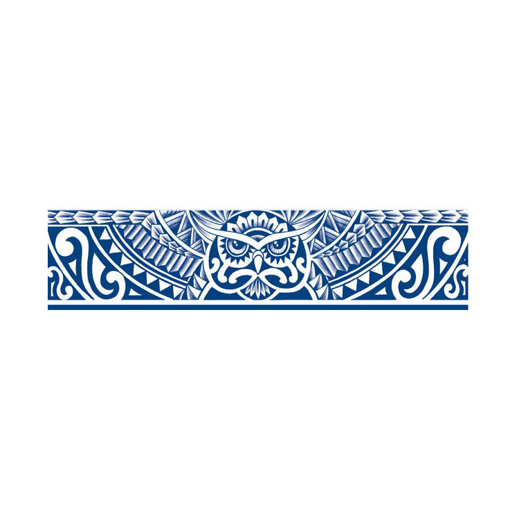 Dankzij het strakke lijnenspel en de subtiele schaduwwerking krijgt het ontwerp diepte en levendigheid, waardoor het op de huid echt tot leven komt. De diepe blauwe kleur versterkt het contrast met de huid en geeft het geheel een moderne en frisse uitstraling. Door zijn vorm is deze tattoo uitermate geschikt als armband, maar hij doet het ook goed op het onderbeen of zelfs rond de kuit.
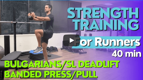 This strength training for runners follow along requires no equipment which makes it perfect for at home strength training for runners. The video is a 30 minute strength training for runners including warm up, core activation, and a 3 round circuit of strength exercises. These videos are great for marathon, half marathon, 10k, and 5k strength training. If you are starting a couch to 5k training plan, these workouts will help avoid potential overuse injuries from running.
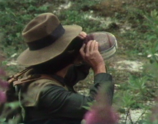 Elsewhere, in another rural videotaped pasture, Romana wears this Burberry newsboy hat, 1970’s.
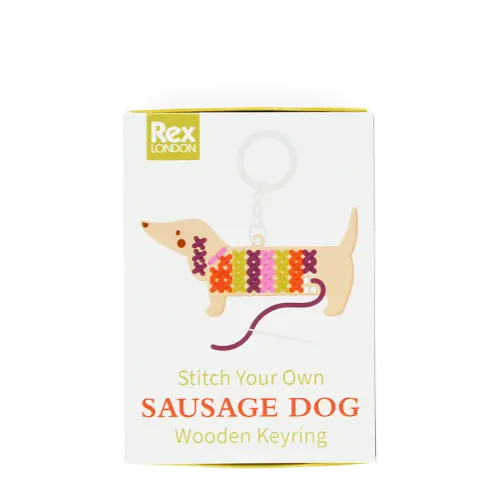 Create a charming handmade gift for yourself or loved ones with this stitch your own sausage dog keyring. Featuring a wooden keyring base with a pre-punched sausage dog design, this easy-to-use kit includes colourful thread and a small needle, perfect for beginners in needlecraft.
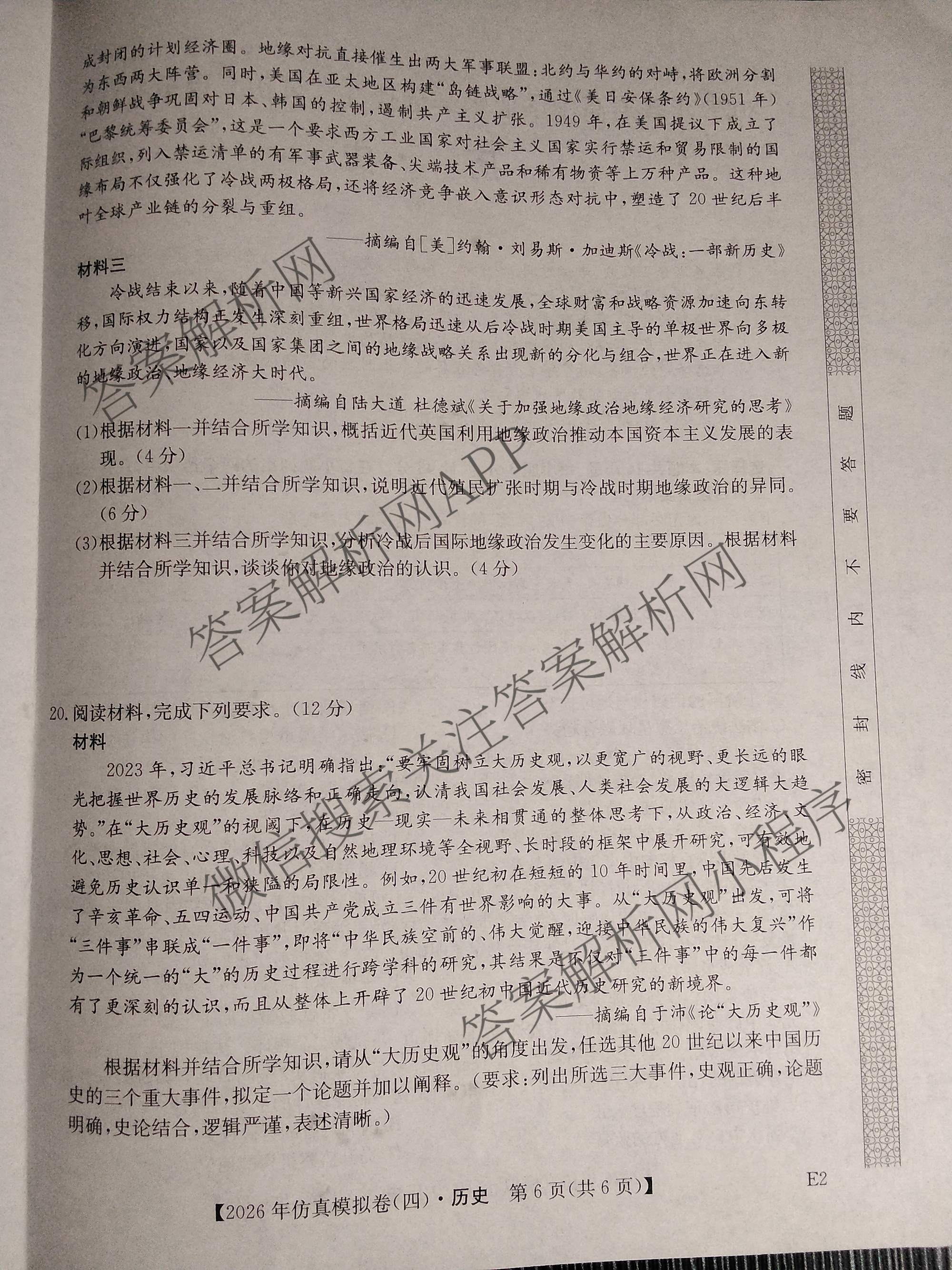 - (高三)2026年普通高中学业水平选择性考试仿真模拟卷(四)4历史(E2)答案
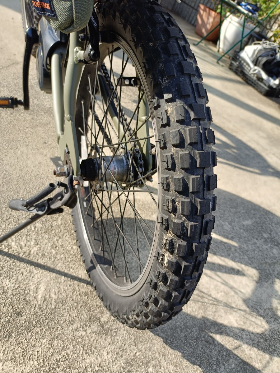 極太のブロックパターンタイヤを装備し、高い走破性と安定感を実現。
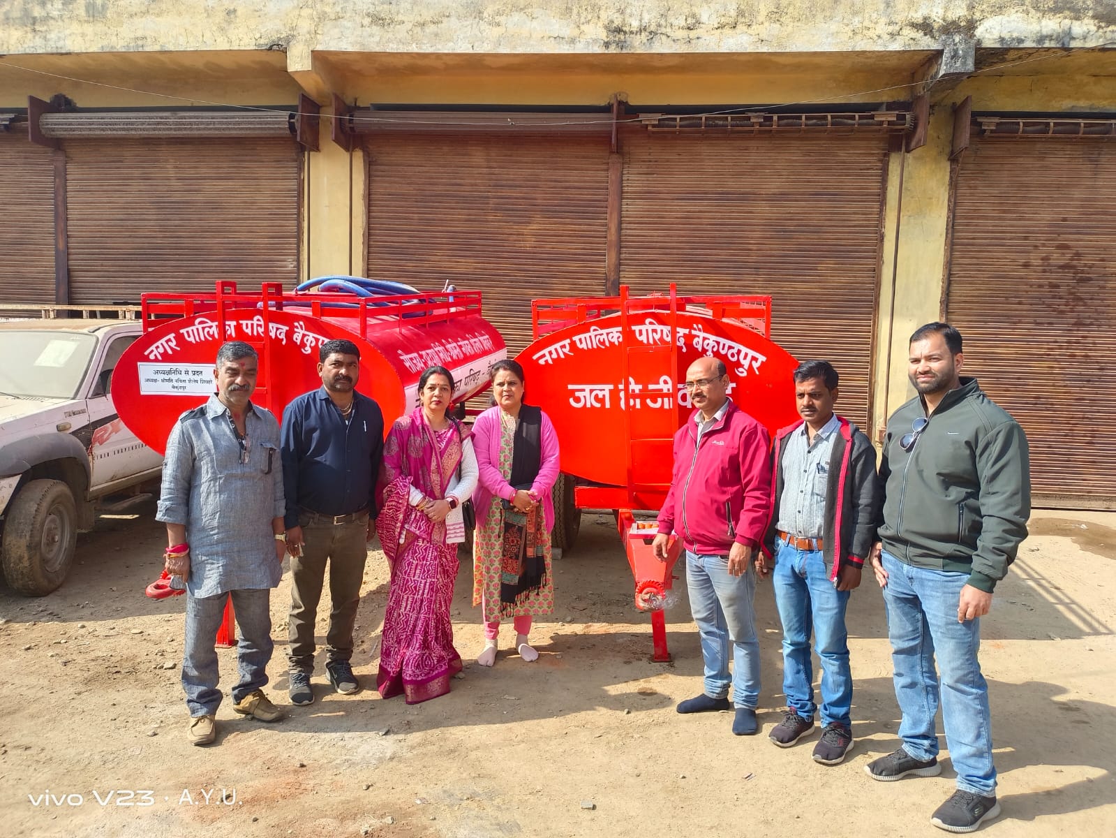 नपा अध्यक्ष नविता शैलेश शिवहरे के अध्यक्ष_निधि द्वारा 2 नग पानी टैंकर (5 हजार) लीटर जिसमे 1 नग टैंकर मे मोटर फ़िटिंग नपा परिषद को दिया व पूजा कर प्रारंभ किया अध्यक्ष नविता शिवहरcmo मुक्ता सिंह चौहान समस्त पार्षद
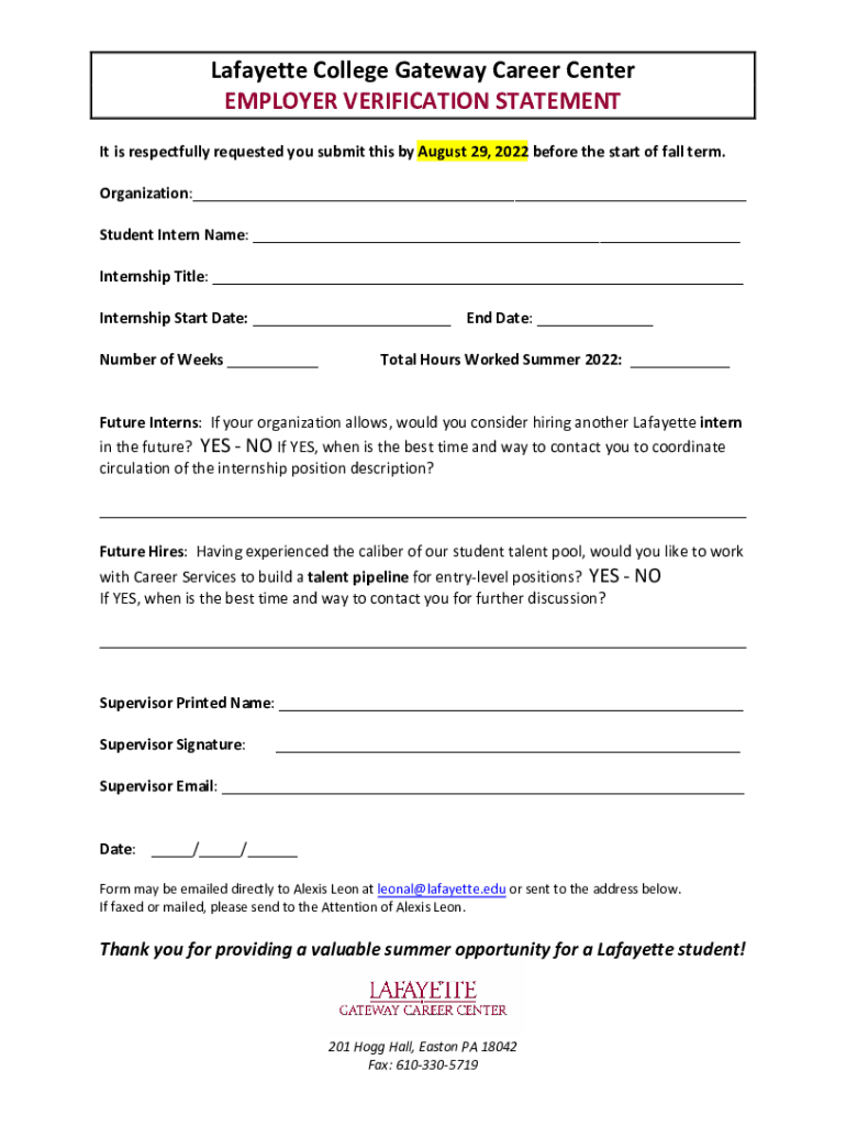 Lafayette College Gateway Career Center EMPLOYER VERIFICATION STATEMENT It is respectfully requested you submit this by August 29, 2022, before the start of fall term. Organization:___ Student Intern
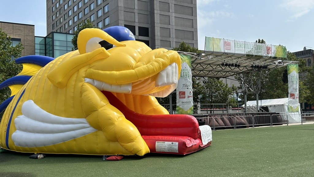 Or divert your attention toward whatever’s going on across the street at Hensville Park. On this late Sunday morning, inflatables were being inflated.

——

→ Exercise objective: Write down the full listing above exactly as it is, except for any images.

→ Solution to this problem:
 Dankzij het strakke lijnenspel en de subtiele schaduwwerking krijgt het ontwerp diepte en levendigheid, waardoor het op de huid echt tot leven komt. De diepe blauwe kleur versterkt het contrast met de huid en geeft het geheel een moderne en frisse uitstraling. Door zijn vorm is deze tattoo uitermate geschikt als armband, maar hij doet het ook goed op het onderbeen of zelfs rond de kuit.
 This strength training for runners follow along requires no equipment which makes it perfect for at home strength training for runners. The video is a 30 minute strength training for runners including warm up, core activation, and a 3 round circuit of strength exercises. These videos are great for marathon, half marathon, 10k, and 5k strength training. If you are starting a couch to 5k training plan, these workouts will help avoid potential overuse injuries from running.
 Elsewhere, in another rural videotaped pasture, Romana wears this Burberry newsboy hat, 1970’s.
 Create a charming handmade gift for yourself or loved ones with this stitch your own sausage dog keyring. Featuring a wooden keyring base with a pre-punched sausage dog design, this easy-to-use kit includes colourful thread and a small needle, perfect for beginners in needlecraft.
 - (高三)2026年普通高中学业水平选择性考试仿真模拟卷(四)4历史(E2)答案
 極太のブロックパターンタイヤを装備し、高い走破性と安定感を実現。
 नपा अध्यक्ष नविता शैलेश शिवहरे के अध्यक्ष_निधि द्वारा 2 नग पानी टैंकर (5 हजार) लीटर जिसमे 1 नग टैंकर मे मोटर फ़िटिंग नपा परिषद को दिया व पूजा कर प्रारंभ किया अध्यक्ष नविता शिवहरcmo मुक्ता सिंह चौहान समस्त पार्षद
 Lafayette College Gateway Career Center EMPLOYER VERIFICATION STATEMENT It is respectfully requested you submit this by August 29, 2022, before the start of fall term. Organization:___ Student Intern
 Or divert your attention toward whatever’s going on across the street at Hensville Park. On this late Sunday morning, inflatables were being inflated.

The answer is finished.